▶ [Brief]
Only the lines from the one containing "(el filibusterismo) 1." through the end of the entries are wanted, retyped exactly and without pictures.

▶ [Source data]
++++
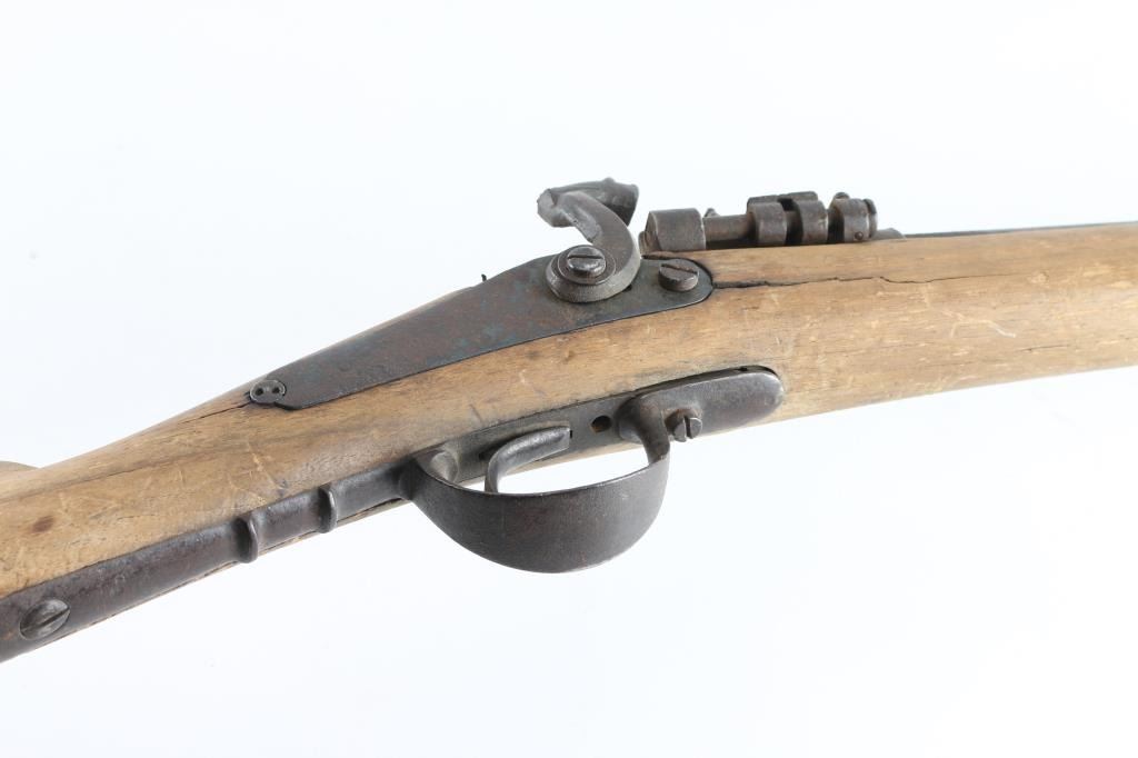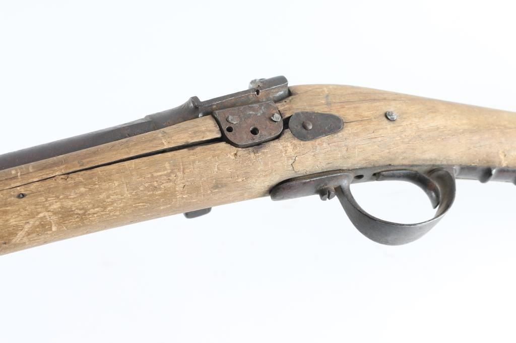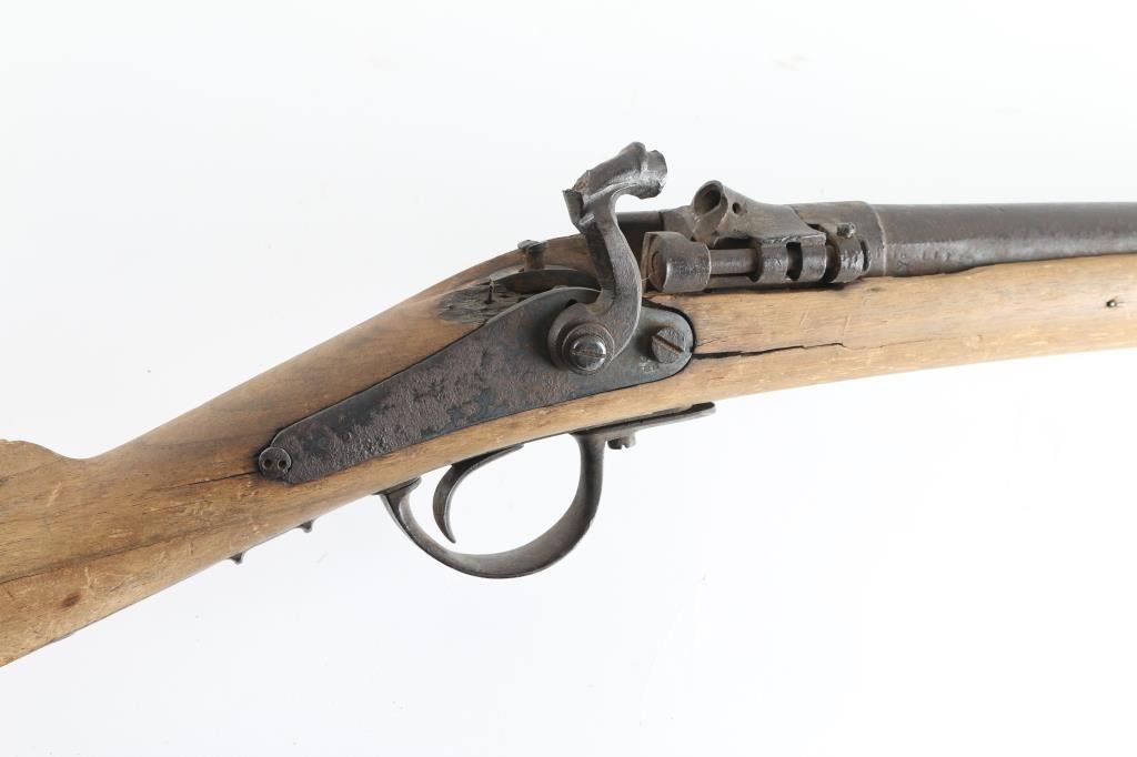 Converted from percussion to 12GA cartridge with a Snyder style side swing conversion. Relic-non working condition with breaks, losses, weathering and damage from frontier exposure and use. Collected in Dakota from the estate of Jim Aplan who loved attic or teepee finds. Antique Firearm NRA Poor/Fair
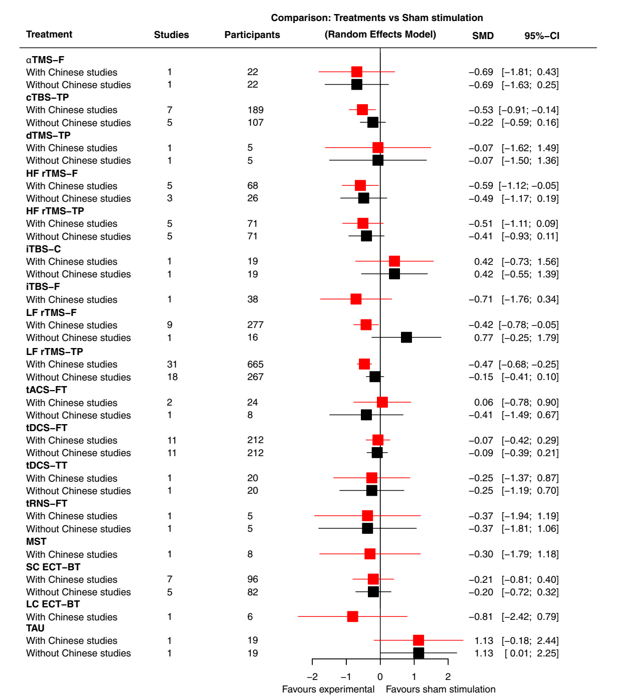 不同rTMS刺激靶点和参数间无显著差异。电休克治疗(SMD−0.20,CI−0.78至0.37)、tES(SMD−0.08,CI−0.38至0.22)及MST(SMD−0.30,CI−1.73至1.13)无明显优于假治疗的证据。间接证据提示常规治疗可能效果逊于假治疗(SMD 1.13,CI−0.13至2.38)。安全性方面,rTMS常见头痛及局部反应,整体不良事件报道不足,无法充分评价。 次要结局显示,rTMS对阳性症状、阴性症状和幻听有类似趋势,但排除中国研究后效果消失。少量证据表明tES可能改善抑郁症状。认知、功能及生活质量数据缺乏,难以得出结论。
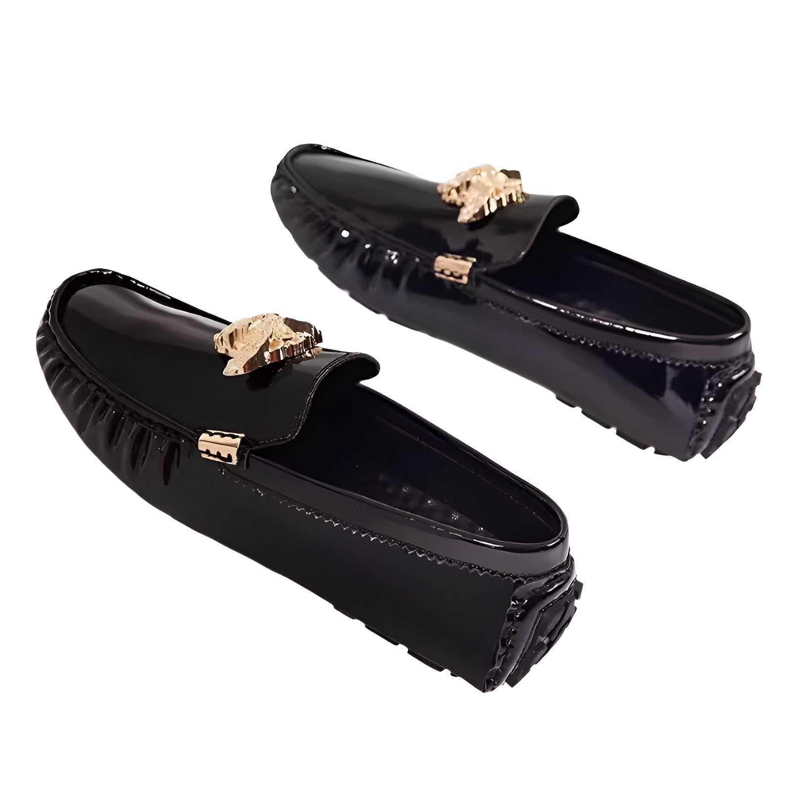 This striking pair of loafers feature a smooth leather exterior, exuding a luxurious aesthetic. The slip-on design is complemented by an embellished gold-tone appliqué, adding a touch of opulence. The shoes are crafted with a low profile heel for comfort, making them perfect for both formal and fashion-forward settings. Take center stage.
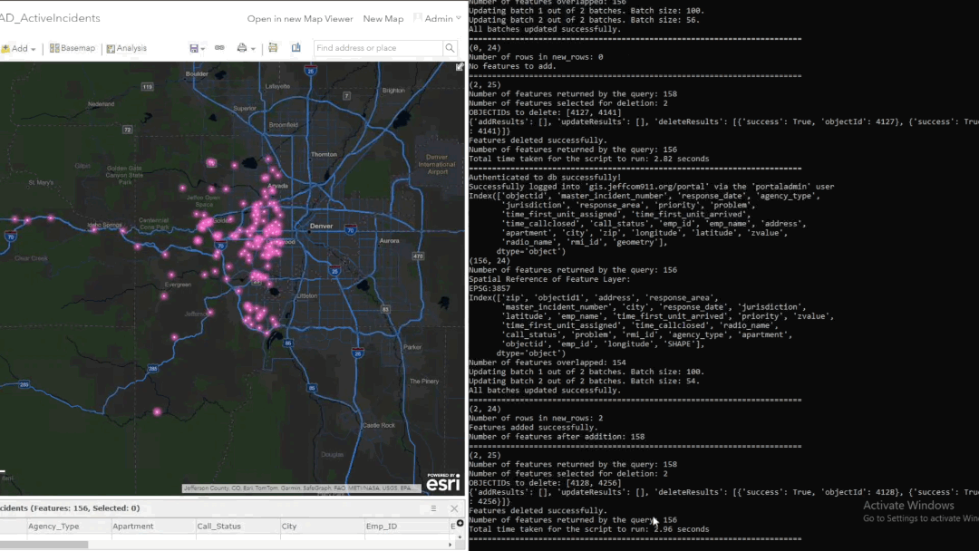 With the Colorado State Team Awareness Kit (COTAK) program gaining significant adoption in 2024 and member agencies increasingly seeking to host their own situational awareness dashboards, a clear need emerged to expose Computer-Aided Dispatch (CAD) incidents and Automatic Vehicle Location (AVL) data within a geospatial environment. At Jeffcom911, CAD data is maintained in a SQL Server database that does not provide a native API for integration with ArcGIS Enterprise or ArcGIS Online. In parallel, real-time AVL data is broadcast through a NATS message broker rather than a traditional REST service. To meet operational demand, a custom geospatial integration workflow was designed to bridge these systems.
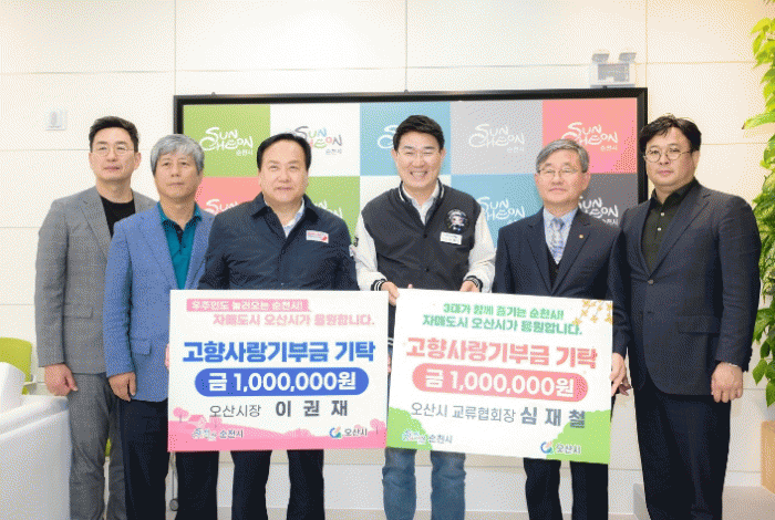 ³ë°ü±Ô ¼øÃµ½ÃÀåÀº ¡°¼øÃµ½Ã¸¦ ¹æ¹®ÇÏ°í °íÇâ»ç¶û±âºÎ±ÝÀ» ±âÅ¹ÇØ ÁֽŠÀ̱ÇÀç ¿À»ê½ÃÀå´ÔÀ» ºñ·ÔÇÑ ¿À»ê½Ã ¹æ¹®´Ü¿¡ °¨»çµå¸°´Ù¡±¸ç, ¡°¾ÕÀ¸·Î ´õ¿í Ȱ¹ßÇÑ ±³·ù¿Í »ó»ý Çù·ÂÀÌ À̾îÁö±æ ¹Ù¶õ´Ù¡±°í ¸»Çß´Ù.
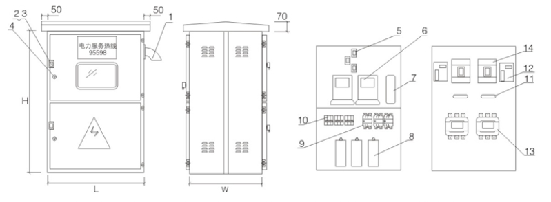 1. Kabel masuk melalui paip 2, kunci pintu (kunci terbuka) 3, kotak hujan kunci pintu 4, kunci pintu (kunci tersembunyi) 5, transformer semasa 6, meter 7, kotak persimpangan 8, kapasitor 9, menukar kontaktor bersatu 10, pemutus litar kecil 11, suis pengasingan 12, transformer urutan sifar 13, pemutus litar semasa kebocoran 14, kontaktor A: AC keluar 15, suis udara keluar
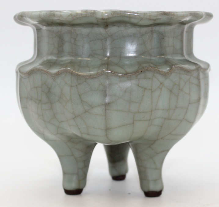 哥窑三足香炉
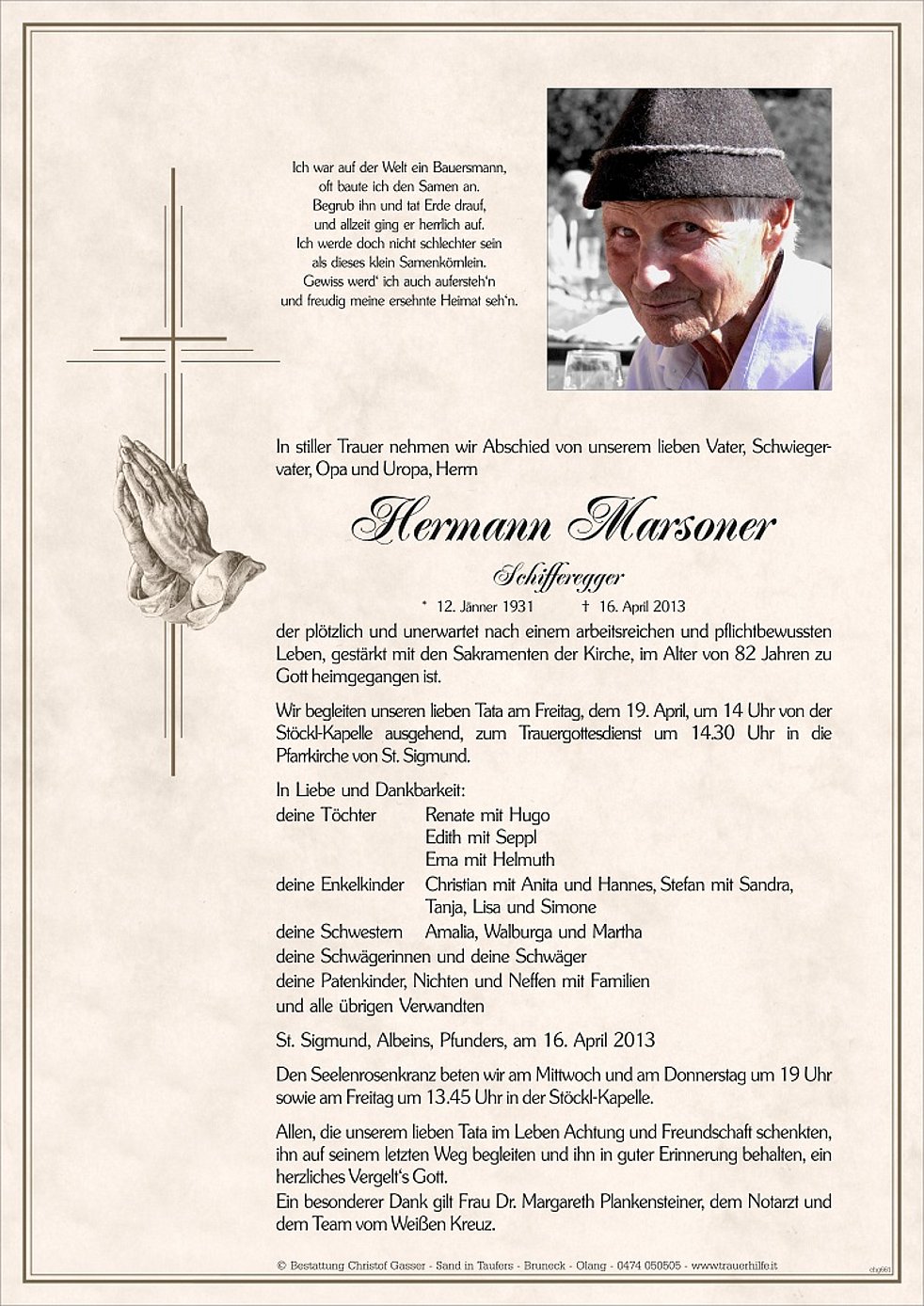 Allen, die unserem lieben Tata im Leben Achtung und Freundschaft schenkten, ihn auf seinem letzten Weg begleiten und ihn in guter Erinnerung behalten, ein herzliches Vergelt‘s Gott.
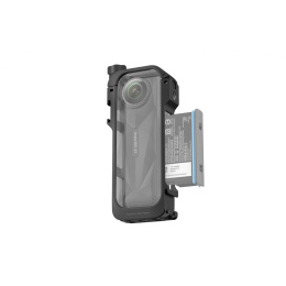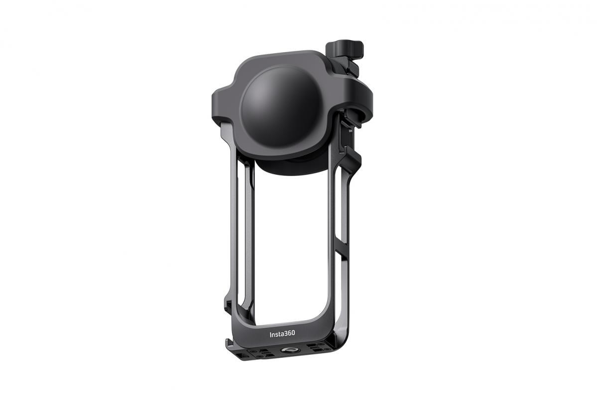 Lehký kovový rámeček pro příslušenství pro kameru Insta360 X5 poskytuje plnou ochranu kamery. Disponuje rychloupínacím bodem, dvěma držáky na příslušenství a závity 1/4". Součástí je kvalitné ochrana mikrofonu pro čistý zvuk i při větru..
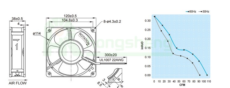 FULLTECH UF12A23BTH 120x120x38mm AC Fan for UPC Power Supply Units
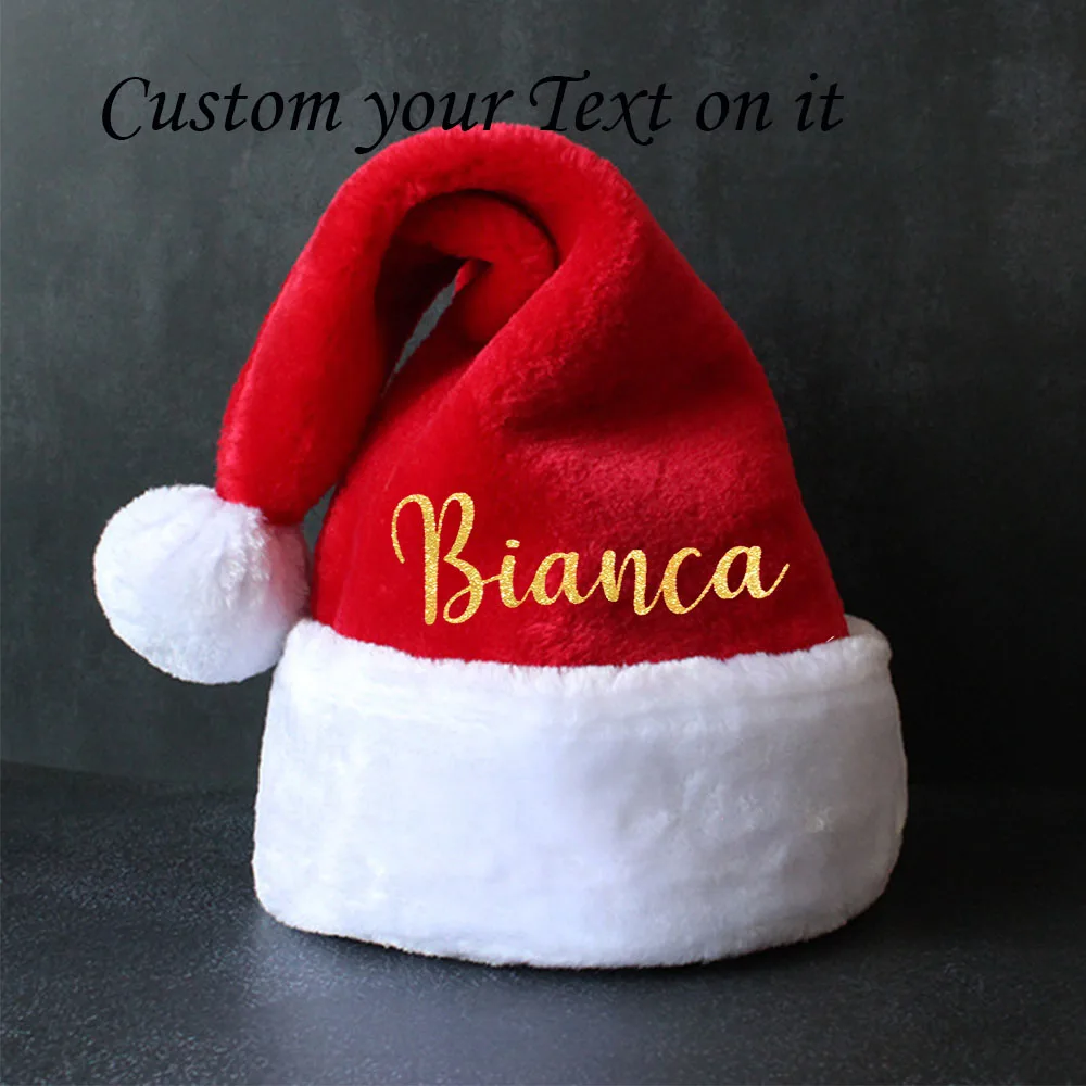 2022 Рождественская шапка с персонализированным именем, рождественские украшения, Детские и взрослые шапки, красная, черная, толстая плюшевая ткань
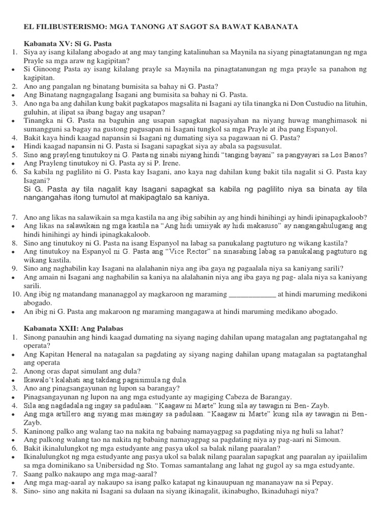 Si Basilio Mga Tanong At Sagot Sa Bawat Kabanata Ng El Filibusterismo. More images for si basilio mga tanong at sagot sa bawat kabanata ng el filibusterismo » Ang mga alamat (el filibusterismo) 1.
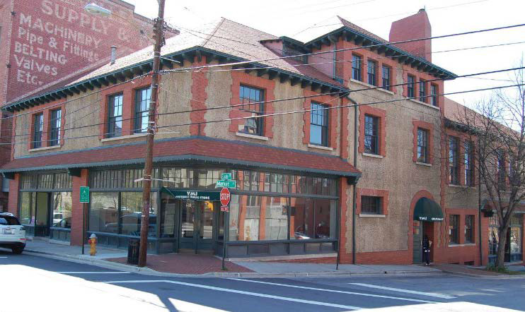 A. Two wall materials may be combined horizontally on one façade. The "heavier" material should be below the "lighter" material (i.e., brick below wood siding). B. Street level windows should be untinted. Tinted glass with a minimum visual transmittance factor of 35 is permitted. Mirrored or reflective glass is not permitted in any location. Techniques: A. All rooftop equipment shall be screened from view from public rights-of-way by a building material that matches the structure or is visually compatible with the structure. The screening apparatus should be incorporated as part of the architectural theme. |
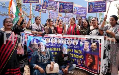 Photo Caption : Mahila Congress staged a protest against the Union Minister Hardeep Singh Puri in the Epstein Row at Freedom Park, in Bengaluru on Friday 27th February 2026
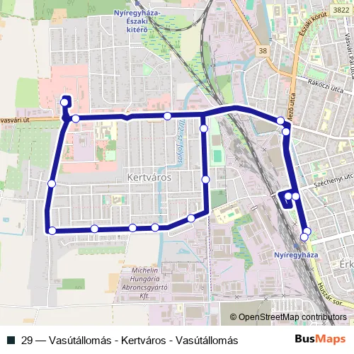 The first stop of the 29 bus route is Nyíregyháza, vasútállomás and the last stop is Nyíregyháza, vasútállomás. 29 (Vasútállomás - Kertváros - Vasútállomás) is operational during everyday.
++++
▶ [Response to the exercise]
 Si Basilio Mga Tanong At Sagot Sa Bawat Kabanata Ng El Filibusterismo. More images for si basilio mga tanong at sagot sa bawat kabanata ng el filibusterismo » Ang mga alamat (el filibusterismo) 1.
 A. Two wall materials may be combined horizontally on one façade. The "heavier" material should be below the "lighter" material (i.e., brick below wood siding). B. Street level windows should be untinted. Tinted glass with a minimum visual transmittance factor of 35 is permitted. Mirrored or reflective glass is not permitted in any location. Techniques: A. All rooftop equipment shall be screened from view from public rights-of-way by a building material that matches the structure or is visually compatible with the structure. The screening apparatus should be incorporated as part of the architectural theme. |
 Photo Caption : Mahila Congress staged a protest against the Union Minister Hardeep Singh Puri in the Epstein Row at Freedom Park, in Bengaluru on Friday 27th February 2026
 The first stop of the 29 bus route is Nyíregyháza, vasútállomás and the last stop is Nyíregyháza, vasútállomás. 29 (Vasútállomás - Kertváros - Vasútállomás) is operational during everyday.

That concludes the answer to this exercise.